Really? I gotta try that, I usually partake the other way around so I satisfy that urge... I mean a friend of mine does that yeah that's it a friend...


----------



## killclimbz (Aug 10, 2007)

DrGreeNThumB420 said:


> when does loveland plan on opening?


Probably in about two to three weeks depending on snowmaking temps.


----------



## DrGreeNThumB420 (Aug 19, 2007)

killclimbz said:


> Probably in about two to three weeks depending on snowmaking temps.

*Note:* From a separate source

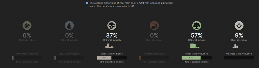 We have a pretty simple landbase, we are much heavier on green than we are on black just because of the card makeup within the deck. We also are rocking the brand new on-color “hidden” lands because free cards are free, and having that outlet/option is always very nice. We do have Card not found and Card not found, but I have chosen not to include the cycling lands as we have a decent amount of draw in the deck. We also did not focus heavily on lands having both types since almost all of our ramp is from creatures/artifacts. In the 5 testing games I played, I found this landbase to be strong and effective.

nice ill be in CO in bout 3 weeks  hope its open when i arrive


----------



## Mr. Right (Sep 27, 2007)

I live about 20 min from loveland and it was halfass snowing here this morning.


----------



## DrGreeNThumB420 (Aug 19, 2007)

^^^damn nice where about you live??


----------



## Mr. Right (Sep 27, 2007)

Dumont right now, and I will be in either Georgetown or Dillon next winter, then after that I'll probably move to Pagosa Springs to hit Wolf Creek for a season or 2.


----------



## DrGreeNThumB420 (Aug 19, 2007)

Mr. Right said:


> Dumont right now, and I will be in either Georgetown or Dillon next winter, then after that I'll probably move to Pagosa Springs to hit Wolf Creek for a season or 2.


nice shit i hope i end up goin alot people keep tellin me ill get sick of a 45 min++ drive from golden.....i feel like id go everyday if i didnt have to work ill have to wait n see


----------



## Mr. Right (Sep 27, 2007)

Well if you plan on spending a few days my house is a riders crashpad, just bring beer and an appetite.


----------



## Mr. Right (Sep 27, 2007)

It's snowing up there right now.


----------